Carlton v. Southern Mut. Ins. Co.

Decision Date10 June 1884
CitationCarlton v. Southern Mut. Ins. Co., 72 Ga. 371 (Ga. 1884)
PartiesCARLTON et al. v. THE SOUTHERN MUTUAL INSURANCE COMPANY et al.
CourtGeorgia Supreme Court

February Term, 1884.

1. Where a mutual insurance company filed a bill in equity alleging that a large surplus fund had been accumulated by reserving certain amounts from the premiums paid in by the mutual insurers; that this surplus had become amply sufficient, and was in danger of becoming too large; that certain questions had arisen concerning it and the interest arising from it; and praying that the charter might be construed and interpreted " so that by the decree in this case the legal status of the reserve fund may be finally and definitely determined and fixed, and so that it may be ascertained and declared who are its lawful owners, and who are entitled to share in any division of the fund itself or of the income produced by it," — such bill brought the reserved fund before the court, and cross-bills on the part of some of the defendants, setting up rights or claims as to the fund were germane to the litigation and not demurrable.

( a. ) If a cause of action arose by the filing of a bill, and is germane to it, or if it existed before, and the bill uncovers facts transpiring before it was brought, and discovers equitable rights to the defendants, they may ask relief arising from those facts by cross-bills, and need not bring a separate action.

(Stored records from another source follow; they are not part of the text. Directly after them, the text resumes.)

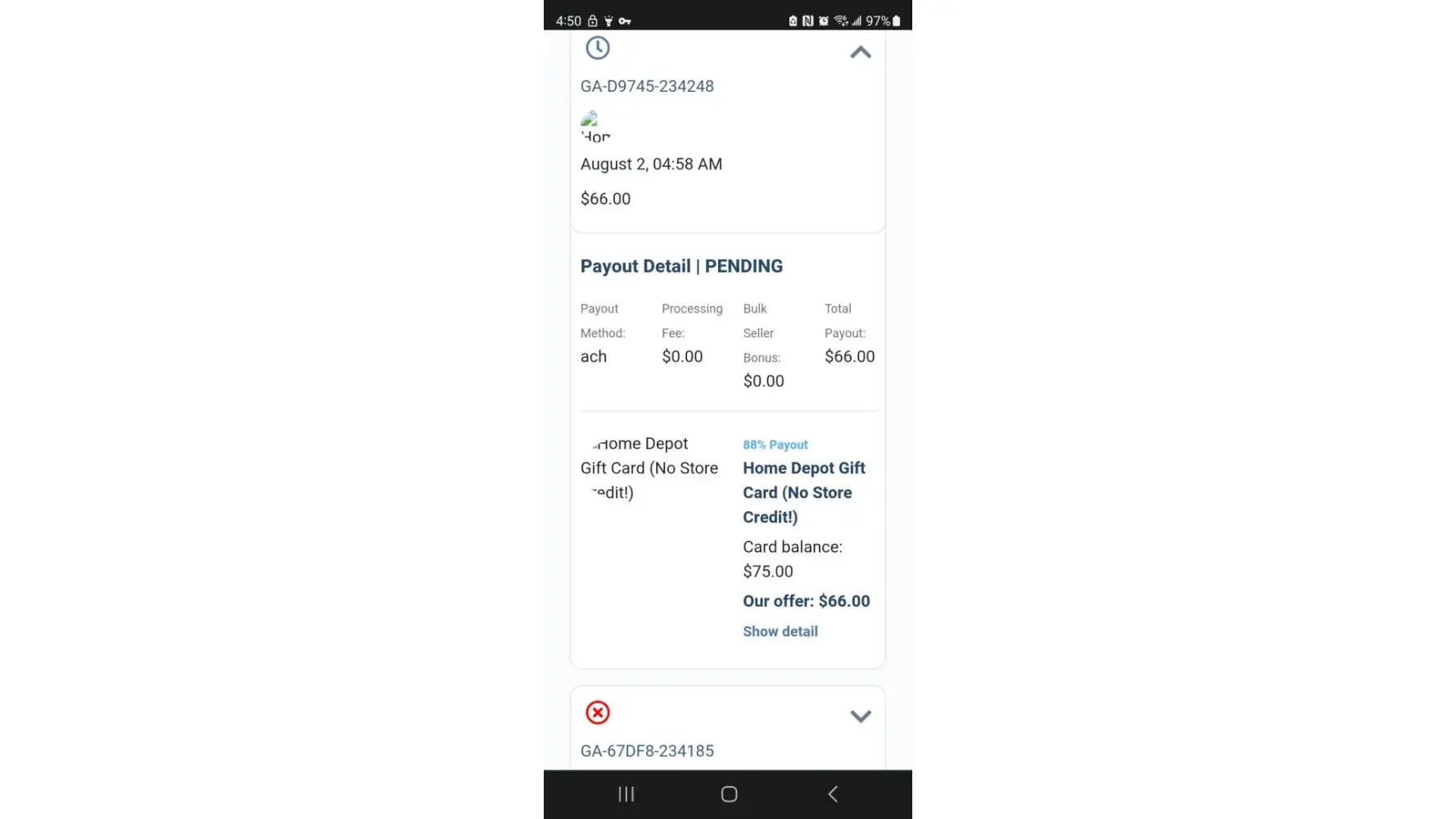 To make matters worse, I later discovered that my order had been canceled by Gift Cash, and I had not received any payout at all. My gift card balance was now at zero, and I had no idea when, or if, I would be receiving my money back.
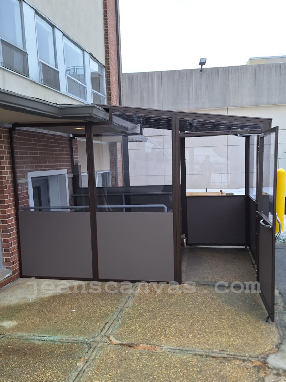 Our years of experience in custom fabrication enable us to provide our customers with unparalleled levels of quality and satisfaction. Our custom made canvas vestibules offer protection from the elements in the most inclement weather conditions, and they offer a clean, finished look. A vestibule from Jean’s Canvas Products offers you the protection of a permanent addition, while giving you the flexibility that only a temporary structure can offer. As a temporary structure, your custom vestibule will most likely not require a permit to install. They are also easy to assemble and to disassemble, so you can use it seasonally, and store it away when the weather gets warmer. Our custom vestibules can be installed by our expert technicians, or they can be built to your specs, and shipped out for a DIY installation. Call today for a quote on a custom fabricated canvas vestibule from Jean’s Canvas Products, where we have been building our customers’ dreams for over 35 years.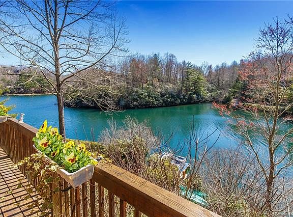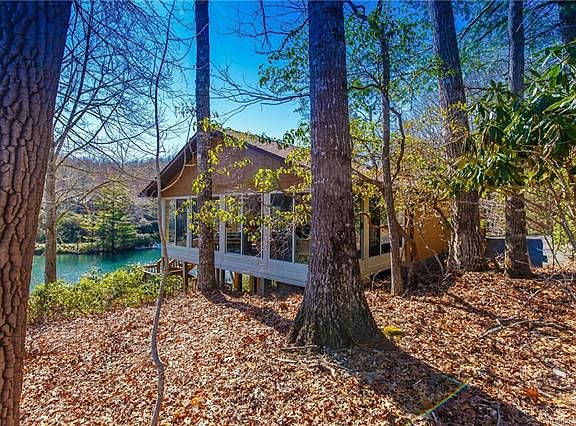 Stunning, unobstructed Lake Ticoa views from nearly every window in the house! This cozy house sits at the end of a cul de sac, on one of Connestee's most gorgeous lake lots with 219' of water surrounding the house. The great room boasts vaulted ceilings, a wood-burning fireplace & a wide open floor plan. The gleaming hardwood floors, and glass doors that open to the sun room & deck, make the great room bright, spacious & inviting. Surrounded by floor to ceiling windows, the sun room delivers panoramic lake views & access to the deck that overlooks the lake, private dock & pontoon boat. With 2 beds & 2 full baths on the main & a bedroom & full bath below, this home offers convenience for year round living and privacy for guests. The unfinished lower level space would make a perfect 2nd living area, rec room or man cave. The adjacent lake lot could be purchased adding another 146' of lake front. New residents pay the one-time $8K amenity fee, to enjoy the many Connestee Falls amenities.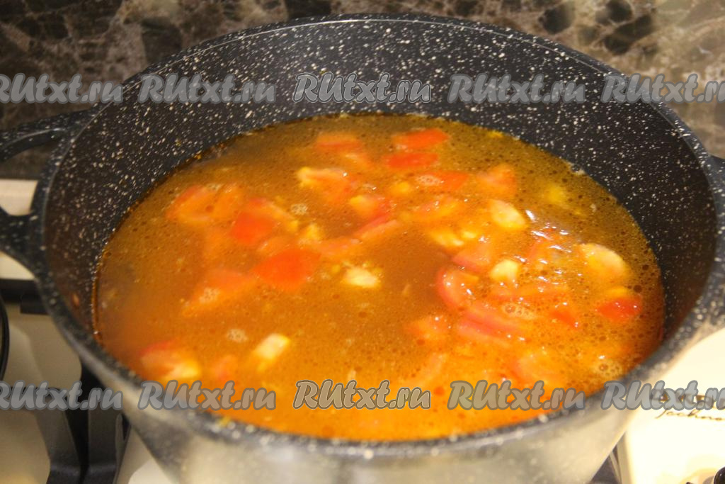 В кастрюлю с обжаренными овощами влить 2 литра кипящей воды, добавить нарезанные картофель и куриное мясо, довести суп до кипения и варить на медленном огне 10-15 минут (до мягкости картофеля).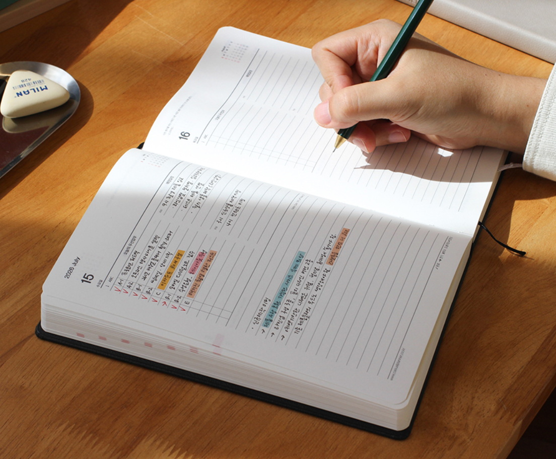 “가치를 기반으로 목표를 설정하고 계획한다”라는 시스템이 탑재되어 있어 단순히 ‘예쁘고 쓰기만 하는 다이어리’보다는 조금 더 구조적입니다. 실제 사용자 후기에 따르면 “시간 블록 관리부터 일정·우선순위 설정까지 한 번에 가능했다”라는 평가가 나옵니다.

2. Where a mutual insurance company filed a bill, and selected certain individuals of each class of persons interested, as representatives of such classes, on the ground that service could not be made on all the class, and the defendants entered the litigation into which they had been invited, and through their representatives, filed cross-bills setting up their rights, they were not outside parties to the litigation, and it is not just to dismiss their cross-bills and thus turn out of court both the class whom the select men represent, and the men so selected by the company itself.

3. If the reserved fund is more than the charter, or the resolutions of the directors authorized, or than the necessities of the company and its expenses and reasonable expectation of losses require, the protest against it is clearly expressed in the cross-bills, and amply sufficient to make an equitable issue thereon.

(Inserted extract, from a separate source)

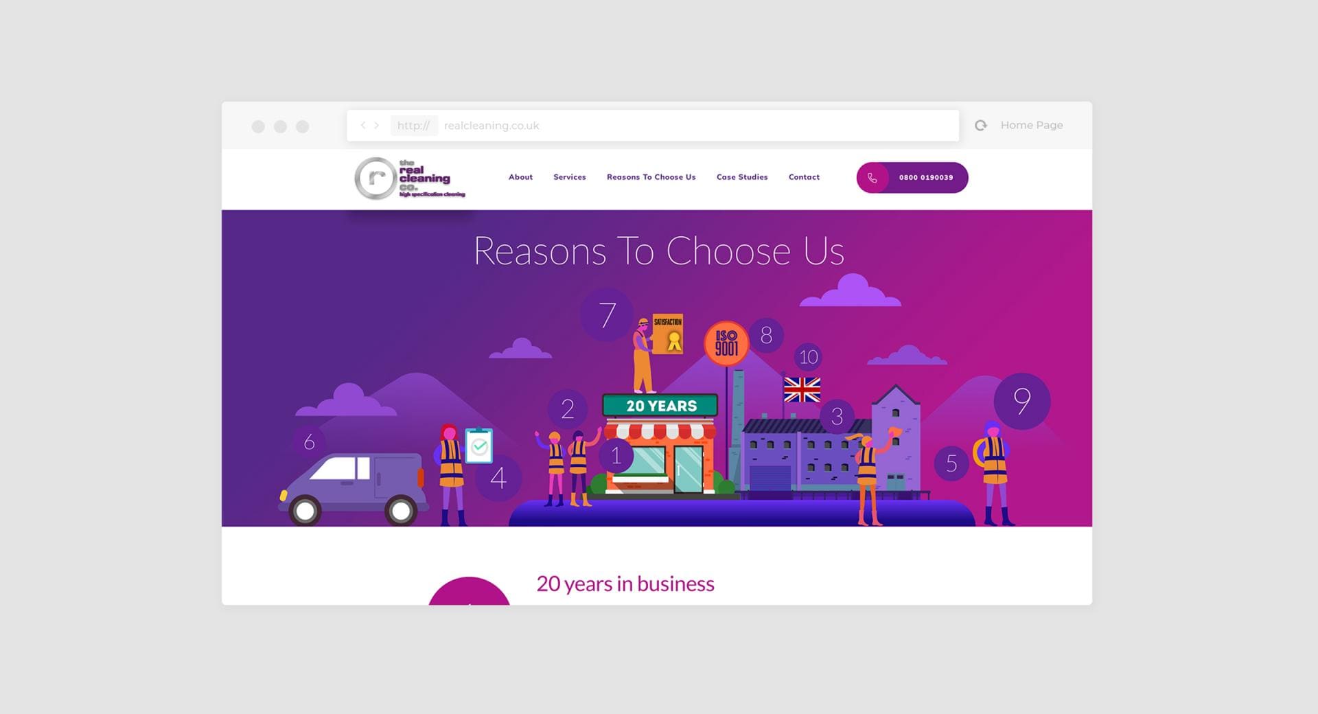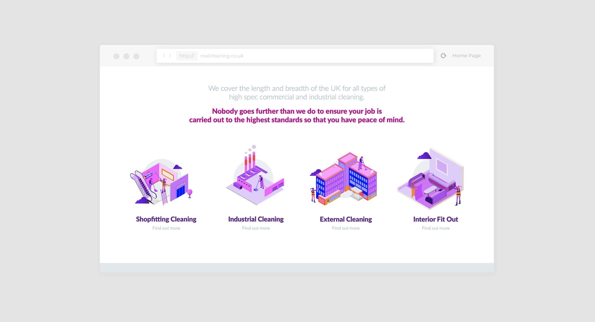 The consultancy work we conducted on the commercial cleaning market highlighted 25-30 competitors we needed to research and benchmark against. It became apparent that, of all these businesses, only 5 had a particularly strong image and clear offering. This gave us crucial insight in how we could be position the Real Cleaning Co brand.

4. An allegation in the cross-bills that there was nothing on the books of the company to put the defendants filing such cross-bills on notice that more than ten per cent of annual profits had been reserved, and that a resolution of the directors announced that they would not go beyond that per cent on profits annually, or $200,000 in bulk, and that such defendants had no actual notice of any sort, was sufficient and should not have been dismissed on demurrer.

5. When the defendants are brought into court as a class or classes they may defend in the same manner, and if a cross-bill be a legitimate mode of defence, by asserting rights springing out of the subject-matter of the bill, and asking relief thereon, it may be filed by them as a class.

6. A mutual insurance company is based upon the idea that each of the assured becomes one of the insurers, thereby becoming interested in the profits and liable for the losses. Without a charter, such an organization would be governed by the general law of partnership. When incorporated, they are subject to the terms of their charter. The charter stands in the place of articles of partnership, and modifies the general law as respects losses and profits, where the two conflict. But except as changed by the charter, equity will apply the general laws of partnership in respect to interest in and division of profits.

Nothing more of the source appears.